### Activity
Print the lines below from the line with "極美品☆CHANEL シャネル シルク" to the line with "Joyful Orchids In Mug For Fearless Woman" exactly, keeping both ends, and print no pictures.

### Records provided
•••••

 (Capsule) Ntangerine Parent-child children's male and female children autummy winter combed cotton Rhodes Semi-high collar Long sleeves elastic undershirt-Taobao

•••••

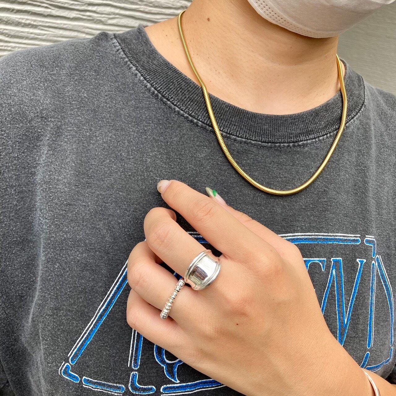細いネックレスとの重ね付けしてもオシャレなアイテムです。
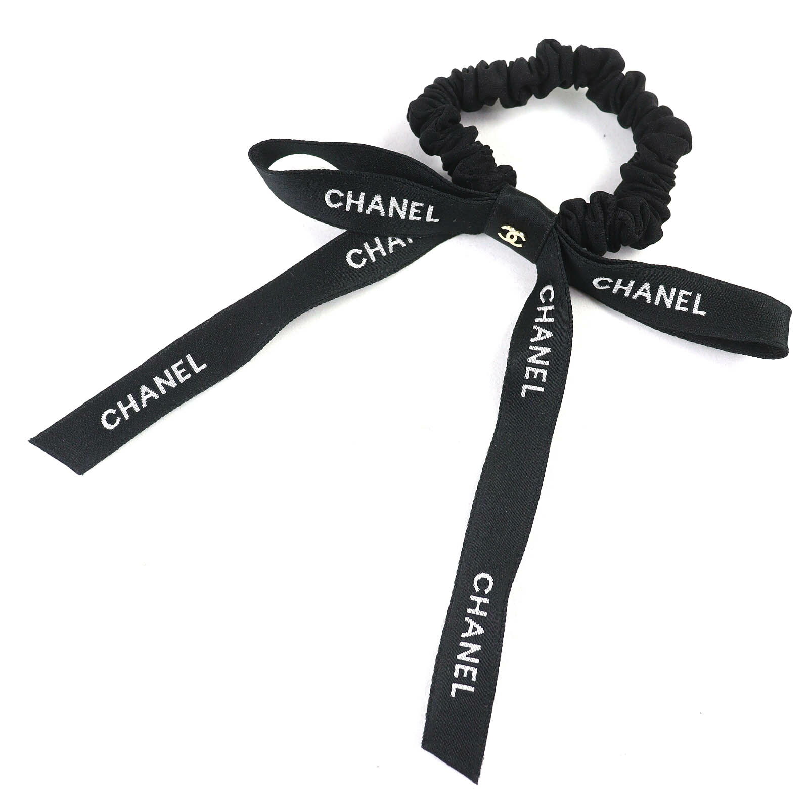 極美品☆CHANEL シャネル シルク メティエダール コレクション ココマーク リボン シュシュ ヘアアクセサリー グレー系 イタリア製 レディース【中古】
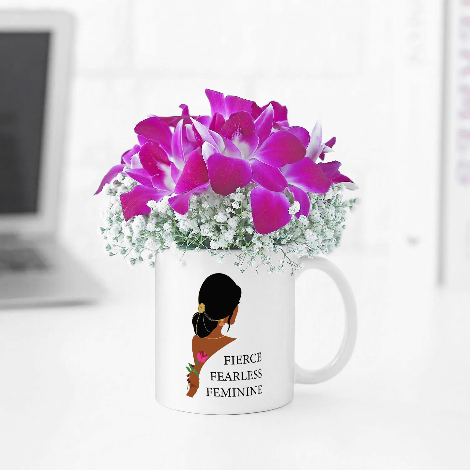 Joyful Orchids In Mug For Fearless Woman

•••••

### Task answer
 極美品☆CHANEL シャネル シルク メティエダール コレクション ココマーク リボン シュシュ ヘアアクセサリー グレー系 イタリア製 レディース【中古】
 Joyful Orchids In Mug For Fearless Woman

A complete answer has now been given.